Week 2 Flashcards
Which cerebral artery territory would be most affected by an occlusion of the right internal carotid artery?
The watershed territory between the ACA and MCA. The internal carotid artery supplies blood to both the anterior cerebral artery and the middle cerebral artery. Decreased blood supply to both would most severely damage the tissue that lies between these arteries, known as the watershed zone. You would see leg/upper arm weakness and defects in higher-order visual processing
In a normal distribution what percent falls within 1 SD? 1.96 SD? 2.58 SD?
1 SD - 68%
- 96 SD - 95%
- 58 SD - 99%
Uvula is innervated by which CN? Does it deviate towards or away from the lesion?
Palatal arches and uvula - mediated by the vagus nerve (CN X)
Deviation is contralateral for LMN (away from the lesion)
Toward the lesion if UMN
What is kernicterus?
Bilirubin (unconjugated) toxicity in the CNS that occurs in some newborns with severe jaundice. It is characterized by neurologic deficits including hypotonia, lethargy, and poor reflexes. Albumin binds unconjugated bilirubin in the blood and the albumin-bilirubin complex is then unable to pass through the BBB. Low levels of albumin could result in kernicterus. This can also occur with a deficiency of the hepatic enzyme uridine diphosphate-glucoronyl transferase that conjugates bilirubin.
Wilson’s disease
How is it inherited? Characteristics? Treatment?
AR disease of copper metabolism (deficiency of ceruloplasmin - major storage protein for copper)
Excess copper is deposited in the liver, brain and other tissues -> basal ganglia (neuropsychiatric), iris (Kayser-Fleischer rings), and liver (liver failure).
Long-term management includes copper chelation therapy with D-penicillamine and eventual liver transplant
Can cause hepatocellular carcinoma and/or dementia
Perioral numbness/tingling, Chvostek’s sign (facial spasm) and Trousseau’s sing (carpal spasm with BP cuff) are all signs of what?
Hypocalcemia
Does calcitonin increase or decrease calcium levels?
Decreases (opposes PTH) - decreases bone resorption of Ca++. Not important in normal Ca++ homeostasis. CalciTONin TONes down Ca++ levels
Rubeola is also known as…
Measles
Prodrome of measles? What spots appear? 3 C’s?
Rash that spreads head to toe over a 3 day period that begins 1 or 2 days after Koplik’s spots develop - red oral lesions with white centers
3 C’s: Cough, coryza (runny/stuffy nose), conjunctivitis (+Koplik’s spots)
What characterizes diphtheria?
Caused by corynebacterium diphtheriae
Characterized by a pseudomembranous pharyngitis (life threatening cause of sore throat)
Roseola characterized by? Believed to be caused by?
Febrile disease of very young children that begins with a high fever and progresses to a rash similar to measles. Infants and children are most at risk. Believed to be caused by human herpesvirus 6
Rubella is also known as
German measles (a less severe viral exanthem) many infections are subclinical but rubella can cause severe birth defects when infection occurs during the prenatal period
Friedreich’s ataxia
Caused by?
Effects?
A trinucleotide repeat disease (GAA). Unstable microsatellite regions regions on certain chromosomes have triplet codons that expand, worsening from generation to generation (increasing onset - anticipation)

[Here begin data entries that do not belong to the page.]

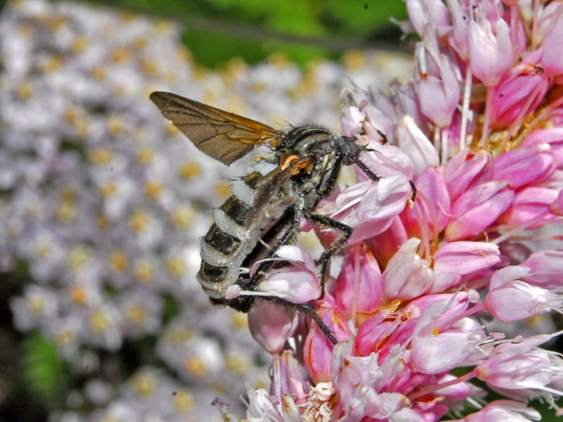 Penso che si sia lasciato fotografare senza tentare di scappare. Quelle strisce bianche mi ricordano altre immagini di insetti uccisi da un fungo. In ogni caso non è un Syrphidae, ma non riesco a leggere abbastanza bene la venatura e non avanzo altre ipotesi.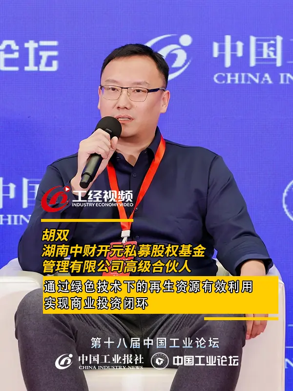 湖南中财开元私募股权基金管理有限公司高级合伙人胡双:通过绿色技术下的再生资源有效利用实现商业投资闭环#中国工业论坛#工业当强 #绿色低碳#循环经济 (来源:工经智媒客户端)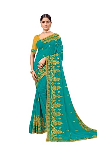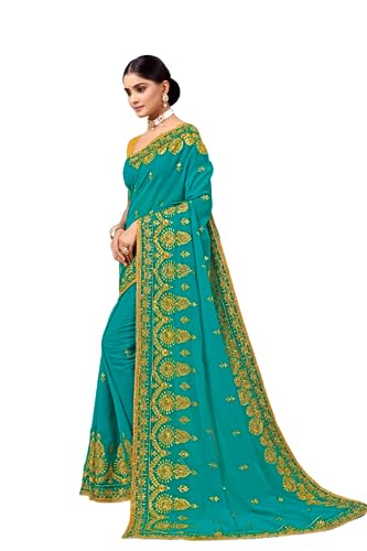 Radhe Radhey Women's New Net Embridered Sari With Unstitched Blouse (Free Size) (Firozi)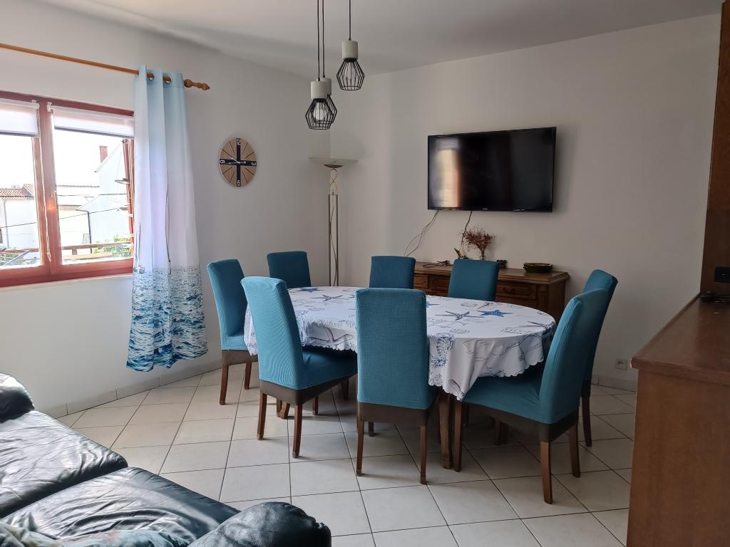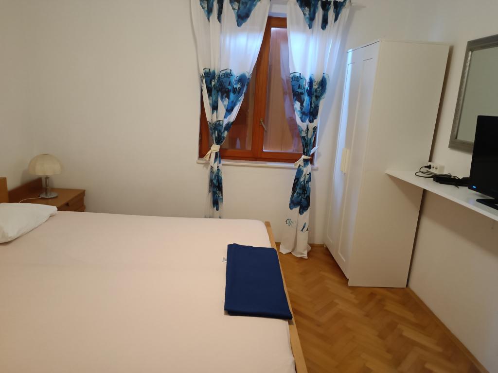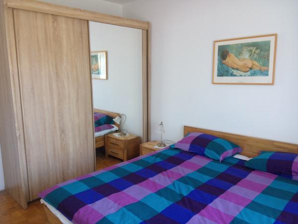Apartament położony jest w spokojnej części miasta, 5 minut od centrum i 10 minut od plaży. Apartament 9 znajduje się na pierwszym piętrze i składa się z 4 pokoi, kuchni z jadalnią, łazienki z toaletą oraz osobnej toalety. W pokojach znajdują się łóżka dwuosobowe, z wyjątkiem jednego, do którego można wstawić dodatkowe łóżko, dzięki czemu 9 osób może wygodnie spać bez konieczności korzystania z kanapy.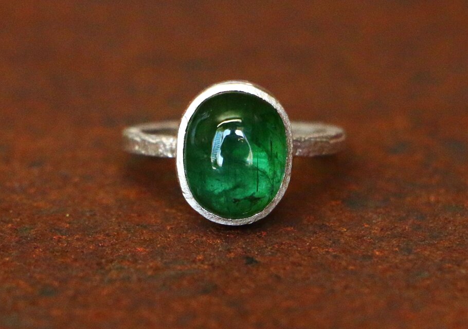 素材…トップは天然グリーントルマリン バンド…スターリングシルバー925 手作り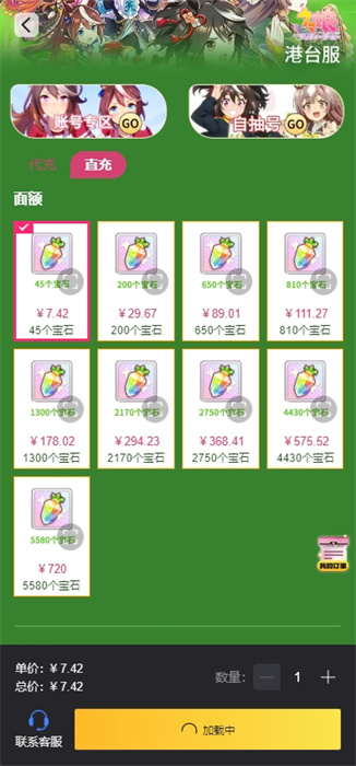 1、打开上方链接,然后就会进入到一个充值平台,在平台中会有超多代充礼包可以选择;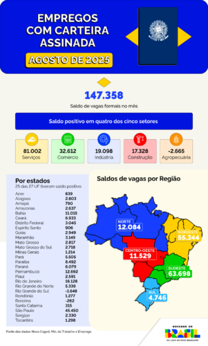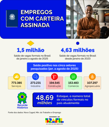 O Brasil superou 1,5 milhão de novos empregos com carteira assinada nos oito primeiros meses de 2025. Entre janeiro e agosto, foram criados 1.501.930 vínculos formais, com saldo positivo nos cinco grandes grupamentos de atividades econômicas. O resultado eleva para 48,69 milhões o estoque de vínculos no país, um recorde absoluto. Desde o início da atual gestão do Governo do Brasil, em janeiro de 2023, o saldo é de 4,63 milhões de vagas com carteira assinada.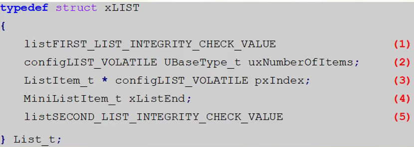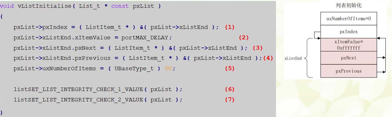 - (3)、(4)、(5)列表项xListEnd的pxNext和pxPrevious指针指向了它自己,空列表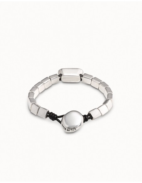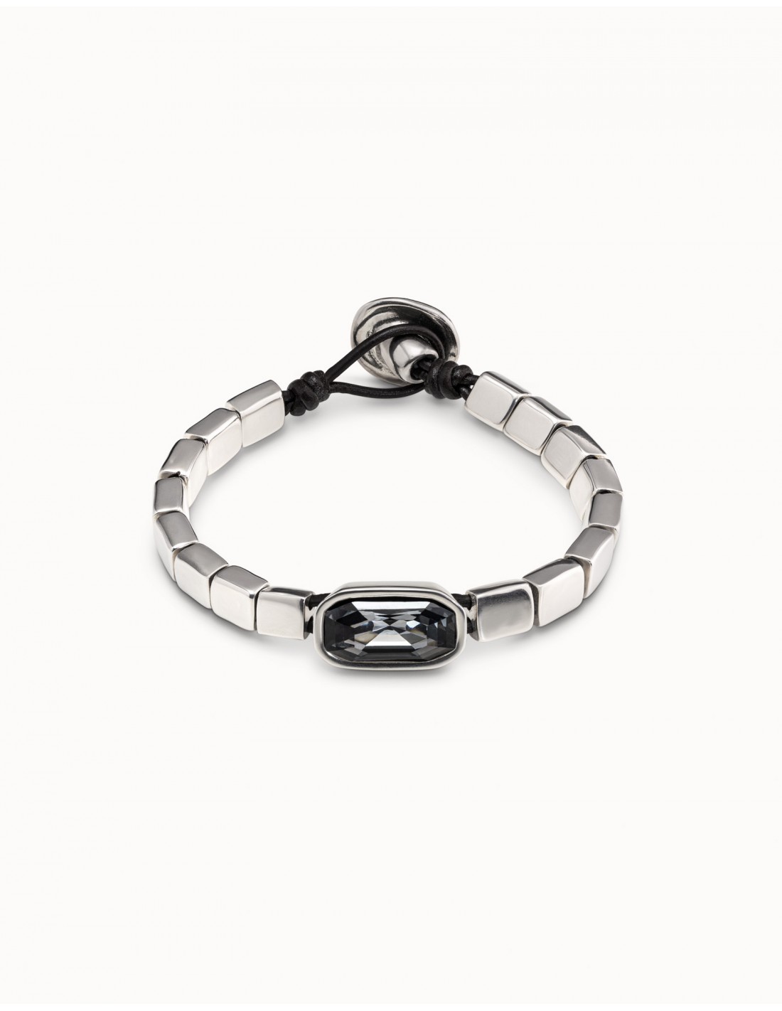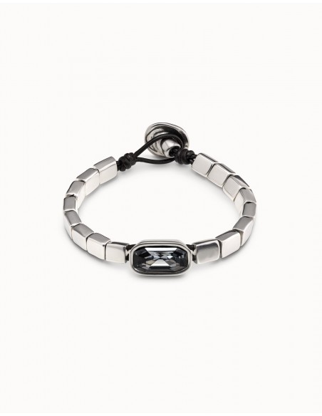 Pulsera formada por una tira de carres medianos y una caja central con un cristal gris. Esta pulsera está realizada de manera completamente artesanal y en España, con una aleación de metales bañados en plata. Consigue esta pulsera que te acompañará allí donde vayas.

Causes a decrease in the translation of a gene on chromosome 9 that encodes frataxin (iron binding protein)
Leads to impaired mitochondrial functioning. Degeneration of multiple spinal cord tracts -> muscle weakness and loss of DTRs, vibratory sense and proprioception. Staggering gait, frequent falling, nystagmus, dysarthria, pes cavus (high arch), hammer toes, hypertrophic cardiomyopathy (cause of death). Presents in childhood with kyphoscoliosis (abnormal curvature of the spine in sagittal and coronal directions)
Friedreich is Fratastic (frataxin): He’s your favorite frat brother always stumbling, staggering and falling but has a big heart.
Azathioprine - MOA? SE? Use?
Immunosuppressant that inhibits purine synthesis and metabolism
Antimetabolite precursor of 6-mercaptoPURINE
MOA: inhibits lymphocyte proliferation by blocking nucleotide synthesis
SE: anemia, thrombocytopenia, leukopenia (susceptibility to infection)
Uses: transplant rejection prophylaxis, RA, Crohn disease, glomerulonephritis and other autoimmune conditions, long-term control of IBD
How do thiazolidinediones work?
Oral hypoglycemics that increase peripheral sensitization to insulin by binding and modulating the activity of nuclear transcription factors called peroxisome proliferator-activated receptors (PPARs). They also decrease hepatic gluconeogenesis.
What is a common complication following group B strep infection in neonates?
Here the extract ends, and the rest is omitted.